那么一个铁疙瘩杵在这里,却足以让人心头发毛。
赵犰盯着这铁疙瘩看了两眼,只觉得那双眼睛后面似乎还有别的目光在盯着自己。
他带着四哥往旁边挪步,铁疙瘩的脑袋也跟着晃动。
无奈之下,赵犰压低声音:
“哥,不能去啊。副厂长刚死,这人就来找你进城,说不准是要找你麻烦!”
“找我麻烦……”
赵肆眼皮低垂,口齿不清地嘟囔了两声,脸上浮现出无奈的苦笑:
“我怎么可能看不出来呢?”
“那哥你为什么还要去?”
赵肆回望背后的厂子,此时正是中午时分,烈日高悬,晒在远处厂房的铁皮上,向外反射着刺眼的光,晃得人睁不开眼:
“这人已经找上门来了,咱还能怎么办?带着爹跑吗?我要跟着去的话,万一他们只是问我当时发生的事,那不也没啥问题?还能保住这份工……”
赵犰眉头紧锁,话堵在喉咙里,最终只能叹出一口气:
“我不觉得这事完后你还能保住这份工。”
赵肆想了想,本想脱口而出:“铁佛厂不是这样的,你二哥不还得了补偿款?”
可想到这两天的事,话到嘴边却成了:
“谁知道呢,总该有个念想。”
赵犰沉默了。
四哥向来如此,但刚才的话也并非全无道理。
这人已找到他们村子,在这半天里,恐怕已摸清了他们的底细。
而他背后的势力,则是大山城里的铁佛厂。
他们村子这个厂子便是铁佛厂的分厂。
作为大山城里老派的龙头,城内的土地是寸土寸金,他们自然也就在外面开办了不少的分厂,而这些分厂当中并没有所谓的厂长,所有铁佛厂的厂子只有一个厂长。
那就是城内的“大老爷”。
“大老爷”可以说是手眼通天,至少在大山城旁边是这样的。
避,恐怕是避不开了。
但赵犰绝不指望对方的善意。
“我也跟你一起去。”赵犰道。
赵肆一听,立刻摇头:
“犯不着你跟着,我自个儿能解决。”
赵犰看着自己这四哥如同拧种一样,他是忍不住用自己的双手按揉额头的太阳穴。
这能怎么办?
“小九,你就不用担心我了,我都这么大个人了,肯定没事的。”赵肆轻轻拍了拍赵犰的肩膀:“我去去就回。”
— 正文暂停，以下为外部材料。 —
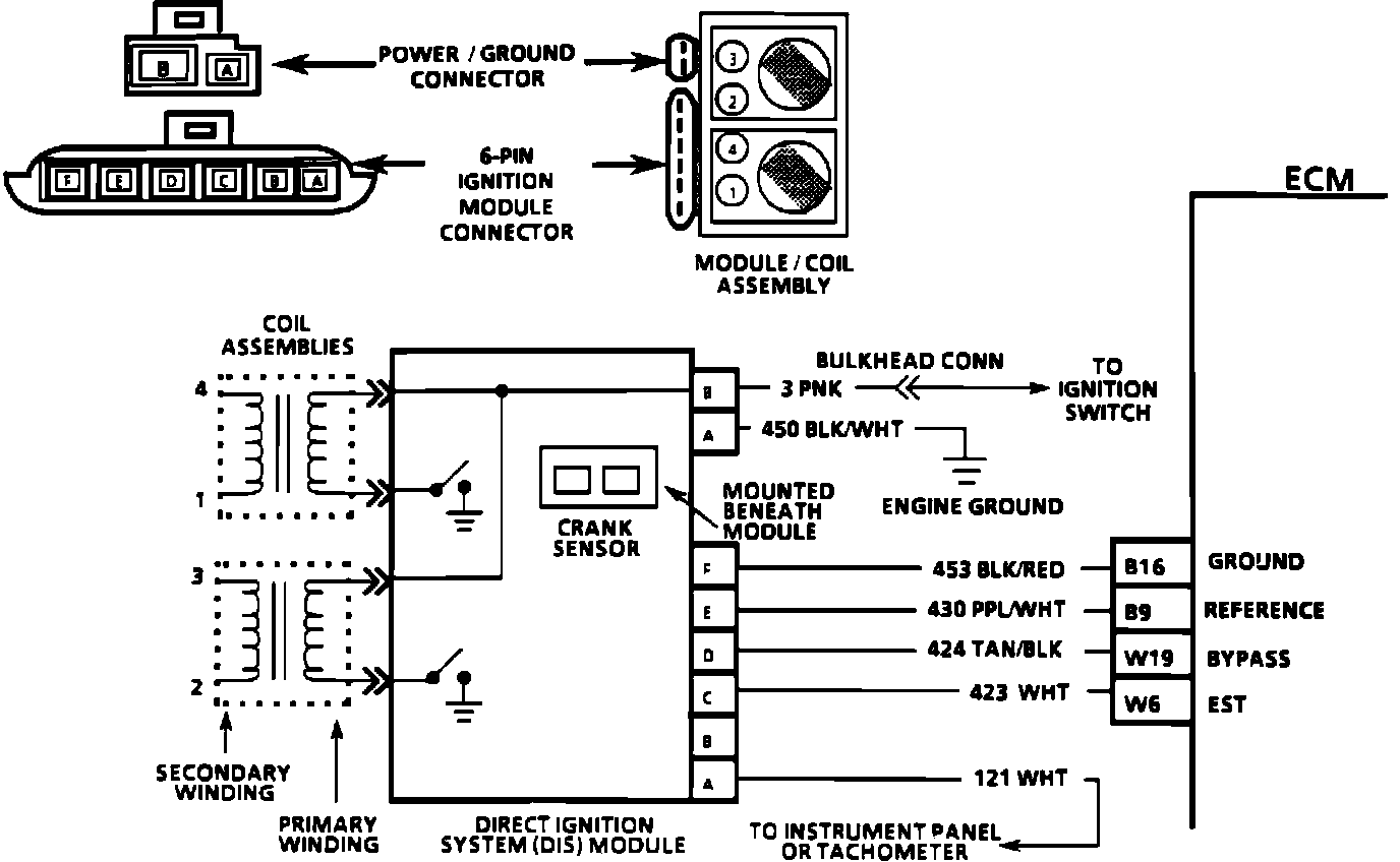 The Direct Ignition System (DIS) module sends a reference signal to the Electronic Control Module (ECM) when the engine is cranking. While the engine speed is under 400 rpm, the DIS module controls the ignition timing. When the system is running on the Ignition Module, that is, no voltage on the by-pass line, the Ignition Module grounds the Electronic Spark Timing (EST) signal. The ECM expects to see no voltage on the EST Line during this condition. If it senses a voltage, it sets a Code 42 and will not go into the EST mode. When the rpm for EST is reached (about 400 rpm), the ECM applies 5.0 volts to the by-pass line, and the EST should on longer be grounded in the ignition module so the EST voltage should be varying. If the by-pass line is open or grounded, the ignition module will not switch to EST mode so the EST voltage will be low and Code 42 will be set. If the EST line is grounded, the ignition module will switch to EST, but because the line is grounded there will be no EST signal. A Code 42 will be set.
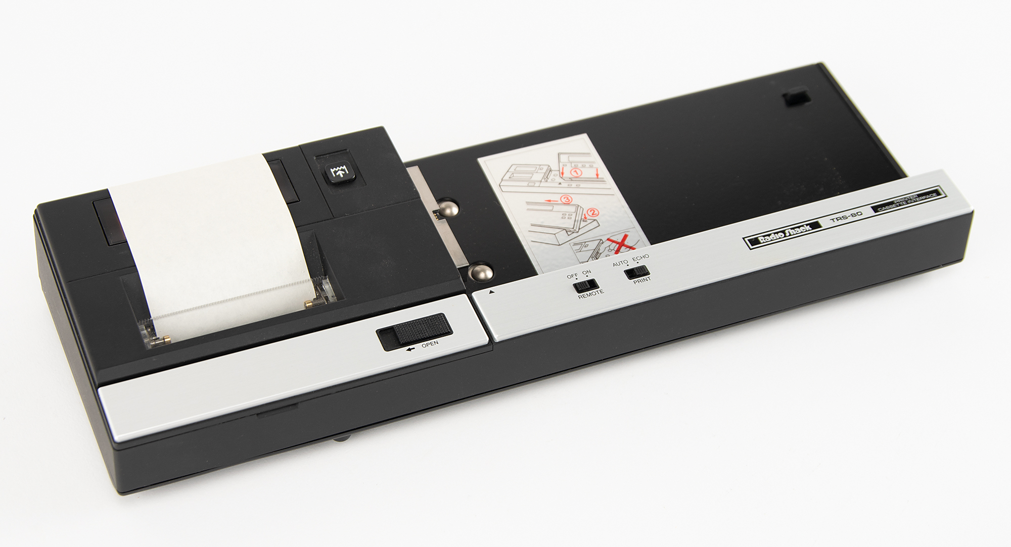 The Cassette/Printer Interface (Cat. No. 26-3605), which added 25 commands to PC-2 Extended Pocket BASIC to control the cassette and printer. Includes the original blue Radio Shack box, 16.25˝ x 9.25˝ x 3.25˝, which also contains an AC adapter charger, cables, ink cartridges, and printer sheets. Includes the owner’s manual. The bottom of the interface bears an affixed ownership label.

他说完这话,侧头一看,不远处那中年男人也已从厂房中走出,正静静等在厂门口。
赵肆没再耽搁,随手拍了拍幺弟的肩膀,转身便奔至那中年人身边。
短短几步路,两人又低声交谈几句,赵肆连连点头哈腰,中年人则仍是一副拿鼻孔看人的倨傲神态。
赵犰想凑近细听,可那钢铁金刚缓缓迈步而来,硬生生阻隔在两人之间。
赵犰抬眼凝视这庞然金属巨像,一股沉甸甸的压迫感扑面而来。
这金属巨像与他先前对付的对手截然不同。
赵犰暗自盘算,凭自己眼下这点道行,若与这铁疙瘩硬碰……
怕是不出三分钟就得死上七回。
赵犰隔着铁像遥望赵肆,赵肆朝他笑着挥手,赵犰默然转身离去。
赵犰驱赶马车,一路朝家的方向驶去。牛车刚晃晃悠悠驶离厂区不远,背后忽传来噼啪作响的车轮声。
回头一瞥,那高耸铁像正拉着一辆黄包车,遥遥向大山深处行进。
车包上的男人也回头看了眼赵犰。
但也只看了一眼。
他不在意这小伙子,甚至都没把他放在心里。
可莫名的,
男人感觉背后凉飕飕的。
……
“吁。”
赵八斤从喉咙里缓缓吐出一口烟气,眼神略显疲惫。
刚才赵犰已经把所有的事情都告诉了赵八斤,听完这段话,赵八斤陷入了沉默。
他想了许久:
“大老爷是大人物,不可能对四儿做什么的……”
赵八斤说着,但话到一半,目光落到了赵犰身上。
赵犰的视线甚至没有落在赵八斤身上。
显然没把赵八斤的话放在心上。
赵八斤有些窝火:
“你小子,不听我说话……”
可惜赵八斤的话还没说完,赵犰就打断了他:
“爹。我打算去大山城。”
“你干什么去?”赵八斤眉头一竖:“去给你四哥添乱?”
“自不是,我去学本事。”赵犰道:“爹你不是同意我学本事了吗?我打算去找周姑娘。”
赵八斤紧盯着赵犰。
他虽然迟钝,但哪里看不出来儿子想要干什么?
赵八斤想了好久。
把小儿子留下?任由四儿子在城里不知安危?
还是……
赵八斤想到了赵犰展示出来的那些本领。
忽然间,赵八斤感觉似乎有些认不清这小儿子了。
他最终松了口:
“你要去城里的话,总归得自己多加小心。”
“放心好了。”赵犰脸上终于露出笑容:“爹架着牛车送我过去?我要真在城里住上一段时间,可没法子把牛车送回来。”
“你小子……”
赵八斤用力吸了一口旱烟,将所有顾虑抛之脑后:
“走,上车!”
父子俩重新登上牛车,刚回圈里休息不久的老牛有些懵了。
这来来回回才多长时间啊?就又要跑一趟!
老牛的埋怨只能化作一声沉闷的哞叫,再次驮着赵家父子朝大山城前进。
牛车的速度自然赶不上大铁像,路上赵犰没瞧见赵肆。
可赵八斤赶牛又要比赵家兄弟快得多,下午正热时,老牛已载着他们抵达大山城。
赵八斤回头看了一眼赵犰:
“我和你一起去租个房子?”
“倒是没事。”赵犰笑呵呵下了牛车,赵八斤在城里他反而施展不开拳脚:“我自己寻地方住。”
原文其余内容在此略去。